Learning is one of the most fascinating aspects of culture and civilization. There is inevitably a tendency to learn about ourselves but not about others. Anyone who was not a Greek was a barbarian. The Romans built Hadrian’s wall to keep the so-called barbarians from Scotland at bay. The Chinese built a wall around their culture for similar reasons. Yet the memorable civilizations have been precisely those which transcended that limitation. Aristotle became one of the greatest persons of all time because he commissioned his best student, Alexander the Great, to help him learn about things in Persia, India and wherever he went. The library at Alexandria tried to collect learning from all known cultures. Arabic culture became great when a caliph at Gundishapur sent emissaries to the west to collect Greek and Roman culture. Today, the Vatican, Herzog August Bibliothek, British Library, Bibliothèque Nationale de la France, and Library of Congress are the greatest libraries of the world precisely because they did not limit themselves to learning only about their own culture.
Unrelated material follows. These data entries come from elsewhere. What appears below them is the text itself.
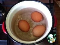 Яйца сварились. Кладем их в холодную воду секунд на 30, чтобы можно было держать в руке. Немного очищаем и чайной ложкой выкладываем содержимое яиц в миску с поджаренным хлебом. |
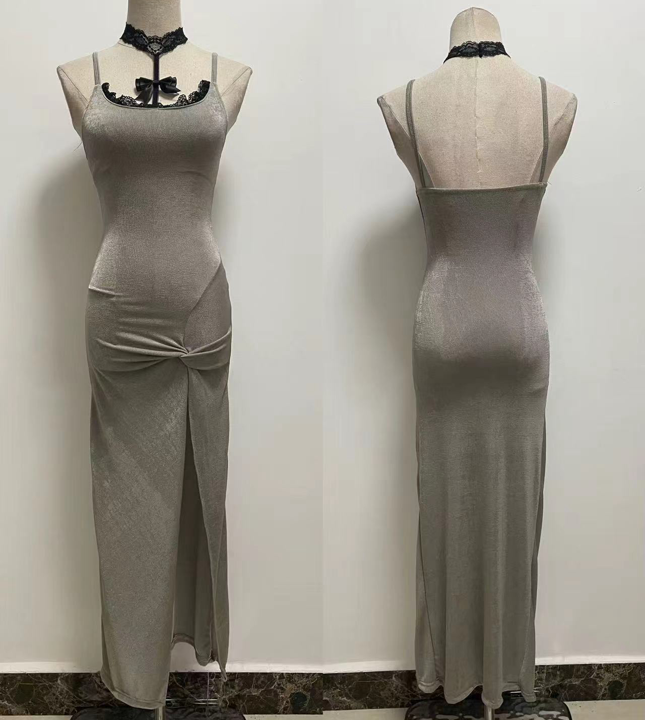 FA50309# 挂脖时尚蕾丝吊带开叉性感礼服长裙连衣裙紧身包臀连衣裙 服裝批發女裝批發服飾貨源
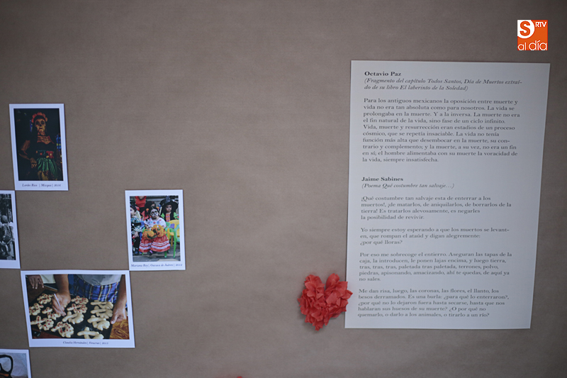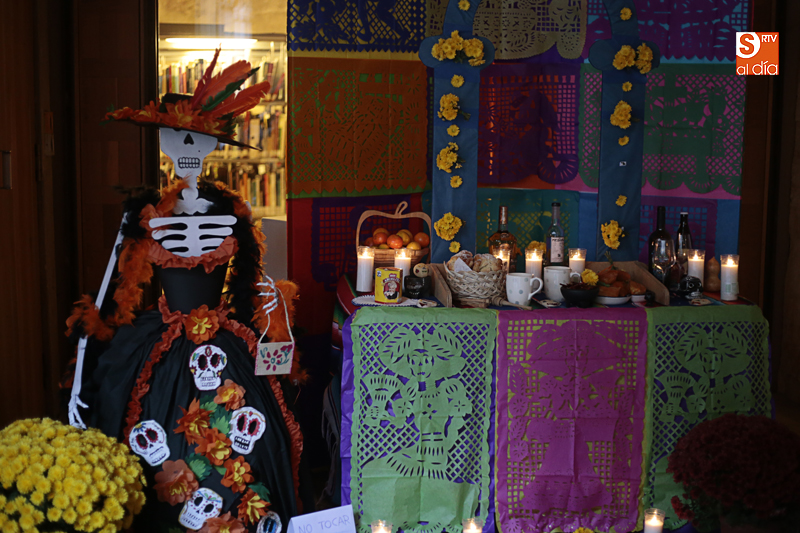 'Altar de Muertos'; los altares y ofrendas del Día de los Muertos en México está realizado por Claudia Adriana Hernández Suárez. La inauguración está programada para este lunes y la organización esperaba contar con Ramona Domínguez Sanjurjo, directora de la Biblioteca Casa de las Conchas. Asistieron Mercedes García Montero, la directora del Instituto de Iberoamérica, Claudia Adriana Hernández Suárez, doctora en Ciencias Sociales del Instituto de Iberoamérica de la Universidad de Salamanca y las organizadoras del evento. Esta muestra 'De Corazón Mexicano: Entre la risa y el llanto', se podrá visitar desde el 30 de octubre al 12 de noviembre de 2017.
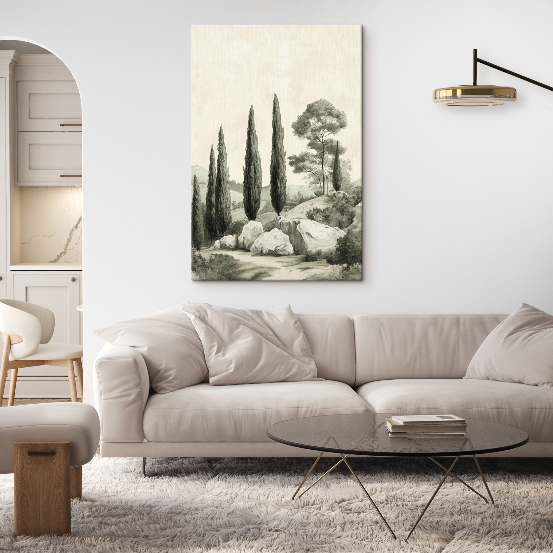 Haal een vleugje natuur in huis met deze prachtige canvasprint van een serene groep bomen op een glooiende heuvel. De zwarte en witte tinten creëren een klassieke sfeer en geven elke kamer een gevoel van rust. Stel je voor dat je ‘s ochtends aan je koffie nipt en naar deze hoge, elegante bomen staart die verhalen uit het verleden lijken te fluisteren. Het is alsof je een stukje buiten bij je hebt. Perfect voor mensen die van eenvoud houden en gesprekken willen aanzwengelen over de wonderen der natuur. Dit werk is een charmante herinnering dat schoonheid niet altijd om kleur draait – soms gaat het om de vormen die tot de verbeelding spreken.
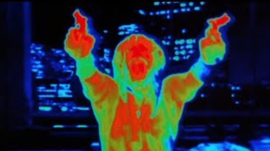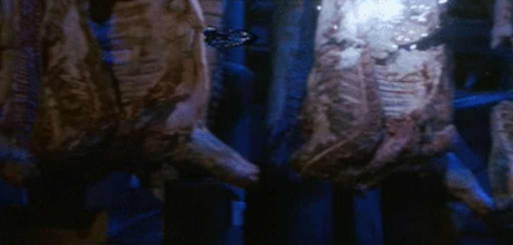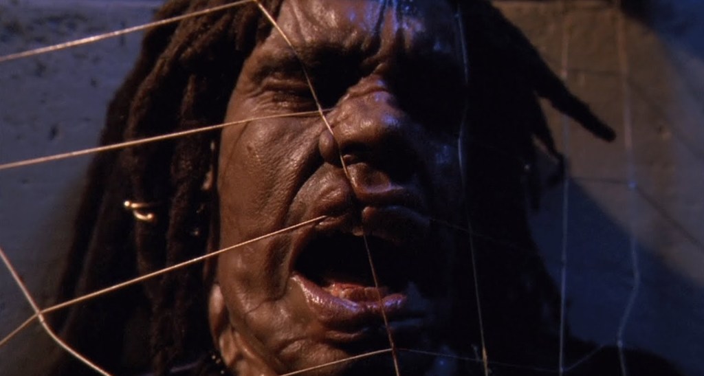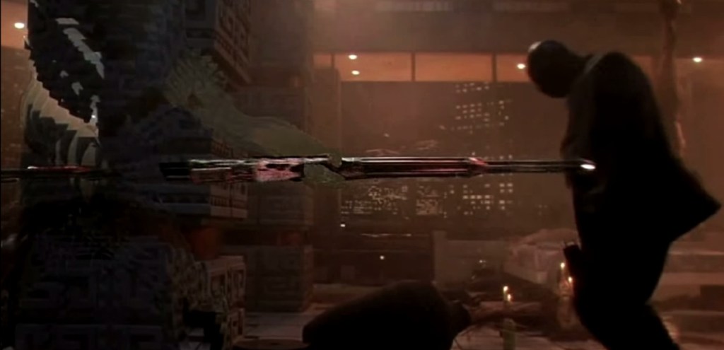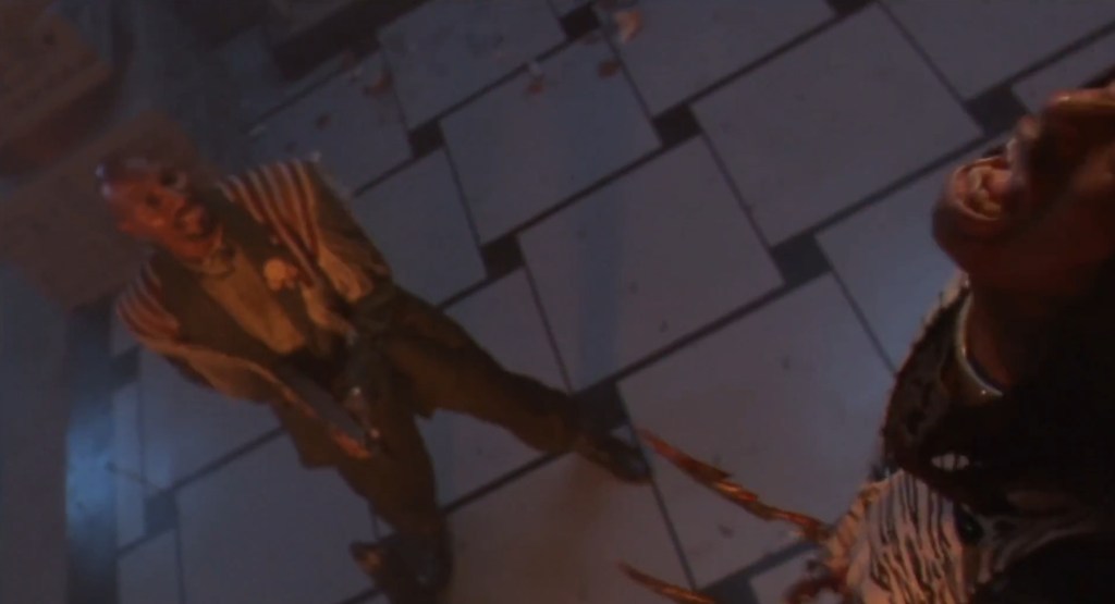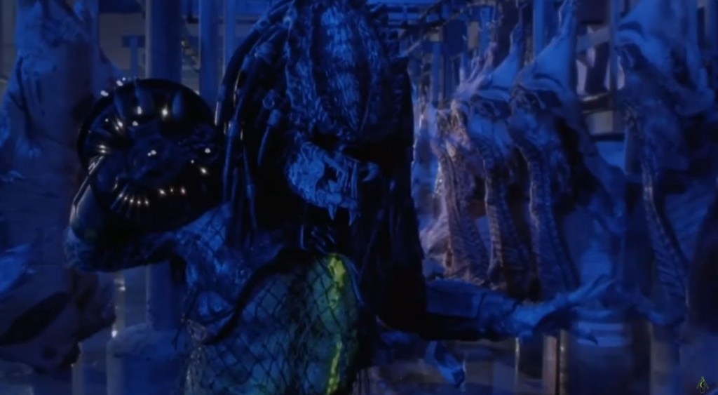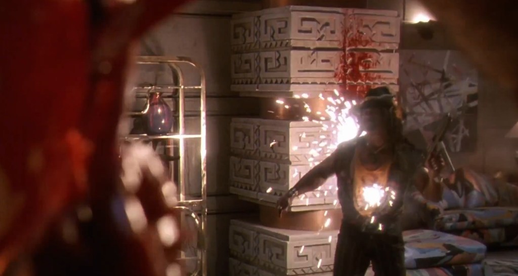 Continuing the aesthetic that every reel of Predator 2 was apparently dunked in a huge, Scarface-sized mountain of cocaine before being run through a projector, the scene is basically the Pred showing off in the most overblown way possible as he racks up style points like they’re going out of fashion. By far the most gnarliest of the death is the poor fucker who gets a face full of net that cuts through his face like cheese wire, but he also runs another through with his fancy, retractable spear and drops another by ruining his dreads with a well placed razor dart. For a movie overdosing on overkill, the erasing of the Voodoo Posse is a nicely brutal highlight.
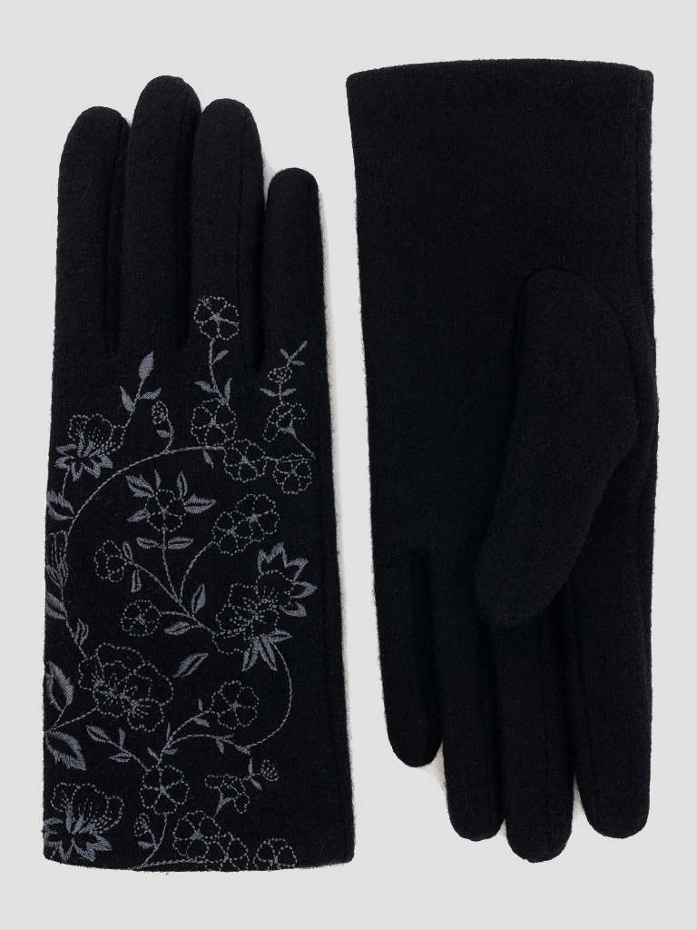 Модель без подкладки. Отделка - лицевая сторона украшена декоративной вышивкой. Длина манжеты от нижней точки большого пальца до края перчатки - 6 см. Длина пальцев - средняя.
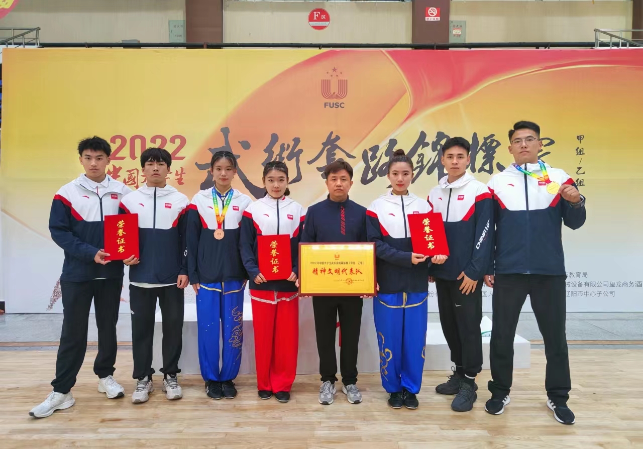 学校派出由快猫视频 院长董勇任领队、樊艺勇老师任主教练、王献斐老师任助理教练的武术代表队带领7名运动员赴辽宁参赛。经过4天激烈角逐,武术队取得男子软器械第一名、女子通臂拳第三名以及其他项目第四名、第五名、第六名等优异成绩,樊艺勇老师荣获优秀教练员,快猫视频 获得了体育道德风尚运动队与精神文明单位,实现了比赛成绩和体育道德风尚双丰收。赛场上,队员们顽强拼搏,充分展现我校大学生积极阳光的健康心态与昂扬向上的精神风貌。
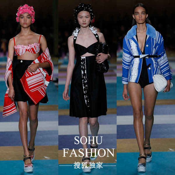 MiuMiu 2017 S/S 系列是文藝復(fù)古少女的狂歡,清新炫麗的色彩搭配各式度假服,輕松愉悅的氛圍撲面而來。本季,開場的前幾套Look自成系列,以豎直排列的花朵刺繡為媒介,保守比基尼制式、彼得潘圓領(lǐng),風(fēng)格輕靈乖巧。
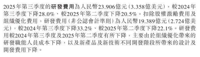 研发费用方面,蔚来2025年第三季度的研发费用为人民币23.906亿元同比下降28.0%环比下降20.5%
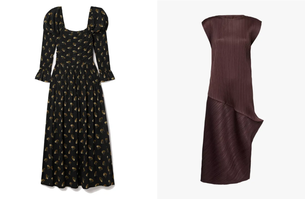 Knitted dresses combine comfort and design. Longer designs with high collars, embellished with pleats or structured necklines, offer warmth without sacrificing style. For fall and winter, pairing a long coat, such as those from Joseph and Staud, creates a soft and elegant look.

These thoughts churned as I walked to the bus station. I wondered about the size of the gap between analog and digital knowledge. As a computer geek it's easy to fall under the illusion that everything interesting or relevant can be found with Google and persistence. But I suspect those five libraries hold vastly more knowledge, and vastly more important knowledge than anything Google can scour with its spiders. As we charge toward digital and away from analog knowledge, how much will we leave behind?

Charles Miller blogged about Etherial Memory

I am increasingly finding that the Internet is my swap-space. I've stopped remembering "things", and started keeping a catalogue of references to things. If I find I need the information, I have enough recollection of where to find it that I can access the Internet and swap it back into main memory. Luckily, I have a really good associative memory for context, which helps me come up with the Google search I need to track down data I've otherwise swapped out.

This sentiment is remarkably similar to lessons I learned by osmosis while working with Veltman. For millennia, scholars have been teaching the next generation of scholars how to navigate libraries and museums and how to document one's travels for future generations.

What we computer geeks are doing is mostly abandoning that legacy and reinventing it in digital form. Libraries are driven by meta-data. There are many, many systems to categorize books. In the US we use Library of Congress or Dewey. There are dictionaries to help one learn the terminology and jargon of different fields. There are indexes of major works. Bibliographies. Footnotes. Secondary literature. Encyclopedia. Meta-data by the ton. Veltman would like to encapsulate the millennia of scholarly meta-data navigation skills into a tool for the common man.

Juxtaposition

These thoughts were turning over in my mind. About a block away I noticed a fire truck turning into the bus station. Moments later I saw the express bus I was hoping to catch leaving the station in an unusual direction. As I approached I could see the fire fighters hosing down the bus's usual exit. The driver of the slow bus to Denver explained that someone had jumped off the top of the parking garage to their death. Thinking about what they were cleaning off the pavement sent a shudder down my spine.

I've been thinking about suicide and terrorists a lot lately. My instincts tell me that our fight against terrorism is completely backwards. Israel offers a continuing demonstration that force is ineffective in stopping enemies who are willing to kill themselves to make their point. I've heard the rumors about how Palestinian suicide bombers are considered martyrs and somehow earn points for their families in heaven. But humans have strong survival instincts. Suicide requires more than just a holy purpose -- in order to override their survival instinct people have to be deeply despaired and more scared of living than they are of dying. Adding violence on top of violence only increases the despair. It would be more effective to find ways to foster hope and reasons to live.